Many manuscripts—literally, documents written by hand—from medieval Europe were supplemented with decorations that ranged from ornate initials and borders to illuminations that dominated the page. For a largely illiterate population, these illustrations often conveyed the essential meaning of the text more successfully than the words.
The lives of Christian saints—their martyrdom and miracles—were frequently the subject of these illustrations. Miracles and Martyrs: Saints in the Middle Ages at the Getty Center features an extraordinary collection of illuminated manuscripts portraying saints from the J. Paul Getty Museum’s permanent collection. Just as medieval viewers would have learned about the saints’ piety and faithfulness by studying these illustrations, drawing inspiration and comfort from them, the manuscripts continue to spread the legends of the saints to their modern audience.
One manuscript portrays Saint Catherine serenely touching a spiked breaking wheel, an instrument of torture.
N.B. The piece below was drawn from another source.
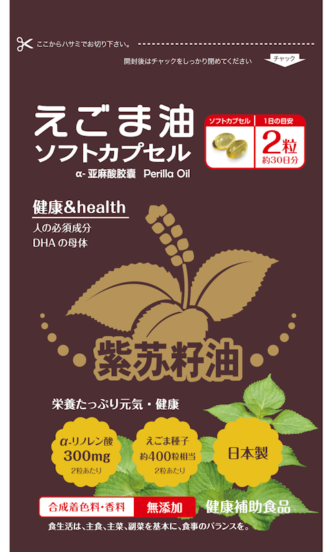 えごまオイル、ゼラチン/グリセリン、酸化防止剤(ビタミンE、ビタミンC)

According to legend, at her touch, this torture device intended for her was miraculously destroyed, but she was later beheaded.
Another manuscript portrays Saint Jerome removing a thorn from the paw of a lion, using golden tweezers (above).
The exhibition is presented in two parts. After the first installation, which ran from September 3 to December 3, 2013, the pages of the manuscripts on display were turned to reveal other illuminations.